Installing pre-commit locally saves time dealing with formatting issues on pull requests. There is a GitHub Action that runs pre-commit on all files, not just changed ones, as part of our continuous integration.

[!NOTE]
SQLFluff is currently disabled in the CI run due to flakiness, but it will still lint any SQL files you attempt to commit locally. You will need to manually correct SQLFluff errors because we found that SQLFluff's automated fixes could be too aggressive and could change the meaning and function of affected code.

Pull requests

mypy

We encourage mypy compliance for Python when possible, though we do not currently run mypy on Airflow DAGs. All service and job images do pass mypy, which runs in the GitHub Actions that build the individual images. If you are unfamiliar with Python type hints or mypy, the following documentation links will prove useful.

In general, it should be relatively easy to make most of our code pass mypy since we make heavy use of Pydantic types. Some of our imported modules will need to be ignored with # type: ignore on import, such as gcsfs and shapely (until stubs are available, if ever). We recommend including comments where additional asserts or other weird-looking code exist to make mypy happy.

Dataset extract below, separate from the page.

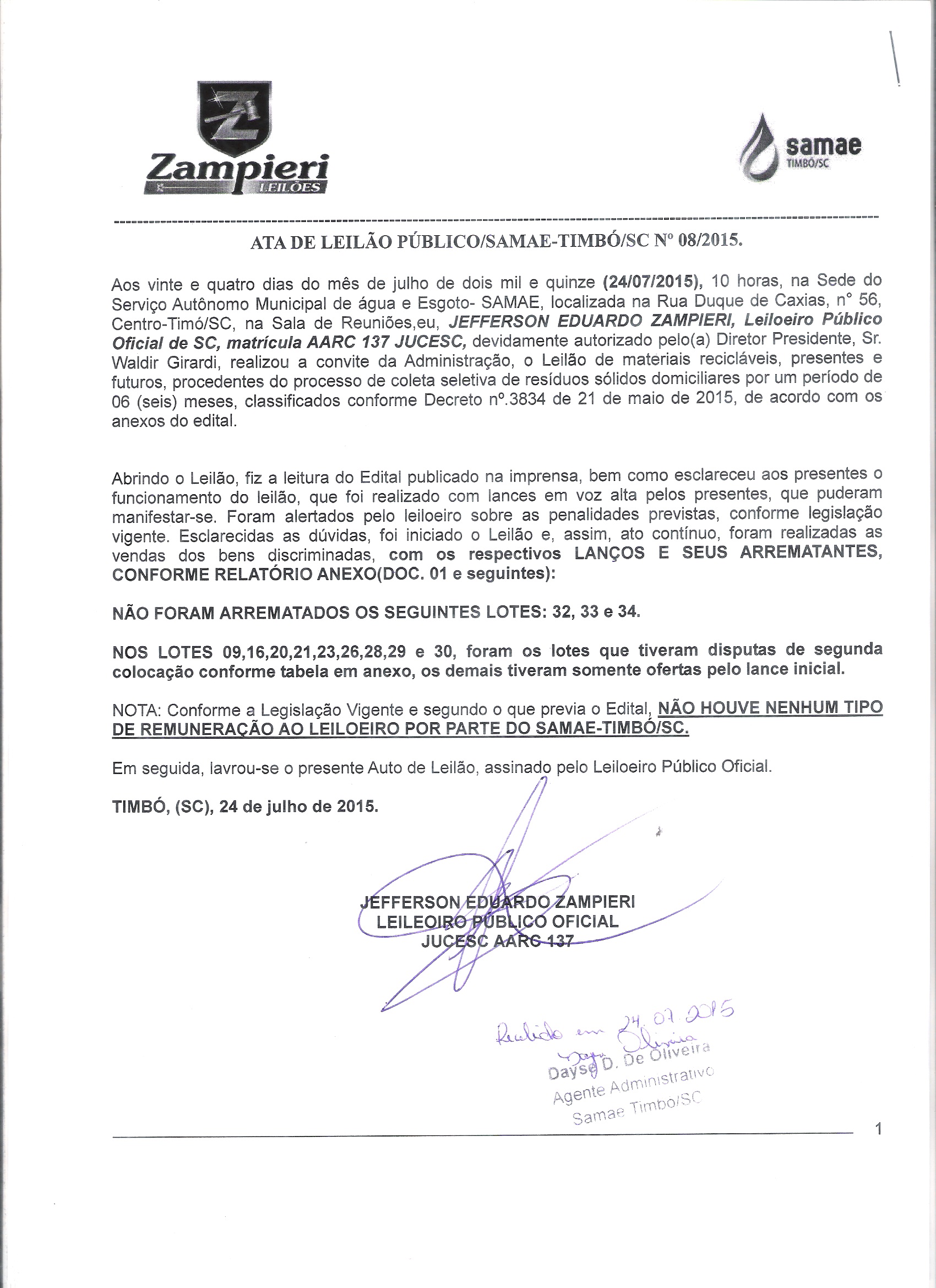 Leilão de materiais recicláveis, presentes e futuros, procedentes do processo de coleta seletiva de resíduos sólidos domiciliares por um período de 06 (seis) meses, classificados conforme Decreto nº.3834 de 21 de maio de 2015, de acordo com os anexos do edital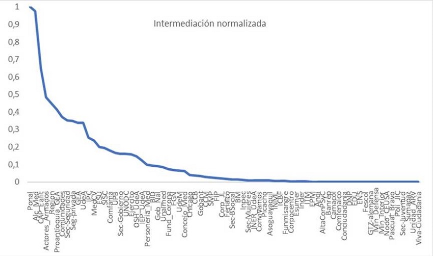 En el desarrollo de este artículo la medida de intermediación se presenta normalizada -con valores de 0 a 1-: en tanto más cercano a 1 esté la intermediación indica que dicho actor o institución ha sido referida por una mayor cantidad de expertos y, por tanto, es más importante en el gobierno de la seguridad en la ciudad. Correlativamente, cuando el valor de la intermediación esté más cercano a 0 significa que dicha institución o actor social ha sido referida por una menor cantidad de expertos y su relevancia también disminuye en la gestión de las políticas de seguridad en la ciudad.

Configuration via Environment Variables

Generally we try to configure things via environment variables. In the Kubernetes world, these get configured via Kustomize overlays (example). For Airflow jobs, we currently use hosted Google Cloud Composer which has a user interface for editing environment variables. These environment variables also have to be injected into pod operators as needed via Gusty YAML or similar. If you are running Airflow locally, the docker compose file needs to contain appropriately set environment variables.